Retour sur mes deux stages à Arrout

Rédiger par Sophie membre d’EKC

L’association La Maraude et EKC organisent trois fois par an des stages d’Espéranto pour tous niveaux à Arrout (Ariège) au pied des Pyrénées.

Le dernier stage a eu lieu ce week-end 8 et 9 octobre et c’était déjà mon deuxième. 

Le gîte est situé en pleine nature, à un peu moins de deux heures de Toulouse mais pas très accessible en transport. De ce fait, l’association organise des covoiturages.

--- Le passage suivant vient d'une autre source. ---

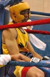 | Keywords: US Navy 030402-N-1485H-013 U.S. Navy boxing team member, Fireman Antonio Knight from Cleveland, Ohio, in the ring.jpg en Colorado Springs Colo Apr 2 2003 -- U S Navy boxing team member Fireman Antonio Knight from Cleveland Ohio in the ring during a championship fight held during the National Boxing Tournament held at the Olympic Training Center in Colorado Springs Colo Fireman Knight is assigned to USS Dwight D Eisenhower CVN 69 homeported in Norfolk Va U S Navy photo by Photographer's Mate Airman Lamel J Hinton RELEASED 2003-04-02 030402-N-1485H-013 Navy http //www navy mil/view_image asp id 6401 U S Navy photo by Photographer's Mate Airman Lamel J Hinton PD-USGov-Military-Navy U S Olympic Training Center Sports in Colorado 2003 in Colorado 2003 in sports in the United States Sports in the United States Navy Boxing in the United States Boxing competitions Sports championships |

Le repas du vendredi soir et parfois celui du samedi midi sont sous forme de pique-nique apporté par chacun et partagé.

Pique-nique du vendredi soir

Petit déjeuner : 8 h 30. Composé de Café ou Thé, pain maison, beurre et confiture maison.

Les repas du samedi soir et du dimanche midi sont concoctés par les propriétaires du gîte, Jean-Pierre et Evelyne. 

    • Repas midi : 12 h 30.

    • Samedi soir : 20 h.

Lors des 2 stages auxquels j’ai participé, ils nous ont servi des repas végétariens, très bons et copieux.

Côté logement, nous dormions dans des chambres de 3 ou 6 lits avec sanitaires sur le palier. 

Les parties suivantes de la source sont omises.